Chiswick House: quintessentially Georgian

© Cheryl Bolen, 2012

Chiswick House (the Brits pronounce as Chiz-ick) is today located in suburban London, but when it was built in the Georgian era, it was a palatial estate alongside the River Thames in Richmond and was accessible from London by boat. It was one of many Thames-side villas that had begun to be constructed from the early seventeenth century onward.

Chiswick House
Lord Burlington’s perfectly symmetrical gem in suburban London. (Photos by Dr. John Bolen)

For me, Chiswick is perhaps the most quintessentially Georgian of all the fabulous homes built in the era–even though it is neither of grand proportions nor was it intended as a family home.

The immensely wealthy Third Earl of Burlington (1694-1853) was an arbitrator of taste and style. He had traveled extensively on the Continent and was one of the earliest disciples of Italian architect Andrea Palladio, who was the primary influence of the clean classic lines that characterize Georgian/Palladian architecture.

So fascinated was Burlington with Palladian architecture, he designed Chiswick himself—something the idle aristocrats simply did not do. Construction occurred from 1726-1729.

Another of the significant Georgian associations with the house is that Chiswick passed to Burlington’s grandson, the Fifth Duke of Devonshire, whose wife Georgiana was an arbitrator of fashion and leader of English society the last quarter of the eighteenth century.

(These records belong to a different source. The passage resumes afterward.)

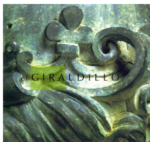
Catálogo de la muestra

El pasado 6 de enero se clausuró la muestra El Giraldillo. Proceso de una restauración, tras la decisión por parte de la Consejería de Cultura de prorrogar su apertura a causa del éxito de visitas registrado, que alcanzó 77.575 personas.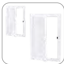
Большой ассортимент габаритов люков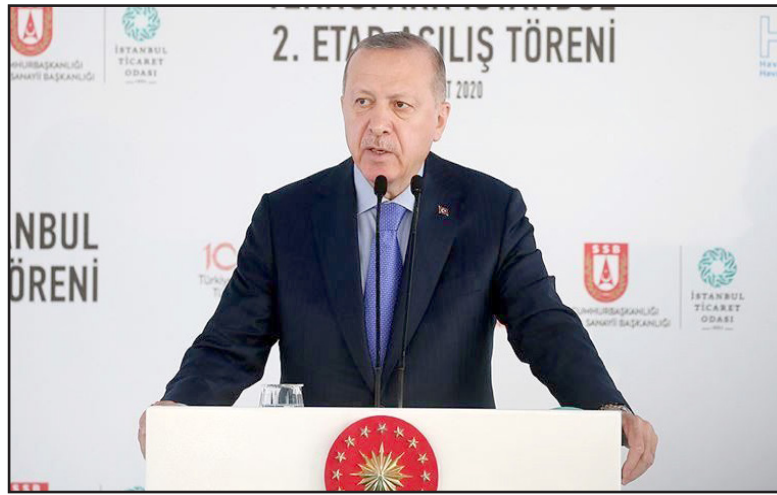
الرئيس التركي رجب طيب اردوغان

وعلى غرار ما جرى في كافة دول العالم، شكل انتشار فيروس كورونا بمثابة الاختبار الأكبر للنظام الصحي في تركيا، لا سيما مشروع الرئيس التركي النّير للجدد لبناء سلسلة من المستشفيات العملاقة في كبرى المحافظات في البلاد، وهو المشروع الذي يستند إليه للتأكيد على قوة ونجاح النظام الصحي في بلاده والاعتقاد بأنه سيخرج من هذه الأزمة أكثر قوة من السابق. ويعول الرئيس التركي على الإصلاحات التي أدخلها على النظام الصحي وبناء مستشفيات عملاقة والإعلان عن مجانية علاج كافة المواطنين المصابين بـ«كورونا» دون أي رسوم، وتوزيع الكمادات الطبية مجاناً وغيرها من الإجراءات من السيطرة على فيروس كورونا والخروج منه بأقل الخسائر مما سيمكته من الحديث عن إنجازات كبيرة لحكومته مقابل الأزمة التي

Interiors of Chiswick House

And the last significant Georgian association, at least for me, is that charismatic Whig leader Charles James Fox died at Chiswick in 1806, the same year Georgiana died.

Lord Burlington intended Chiswick House to serve as a temple of the arts to display his most significant works of art.

The perfectly symmetrical, perfectly classical structure’s most memorable feature is the octagonal saloon at the center, which soars up to a domed roof that is lighted by dome-shaped windows. Huge canvases have hung in this chamber for almost three centuries.

One reason Chiswick was not designed as a family home was because Burlington had inherited his grandfather’s Jacobean house on the property, which he continued to use. His grandson had that demolished and added wings onto Chiswick. The wings were demolished in the 1950s to restore Chiswick to Burlington’s original vision.

Today, the house is in the care of English Heritage and can be toured for a fee. The surrounding grounds—significantly reduced from what they were in Georgian times—are free to the public and cared for by the Borough of Hounslow.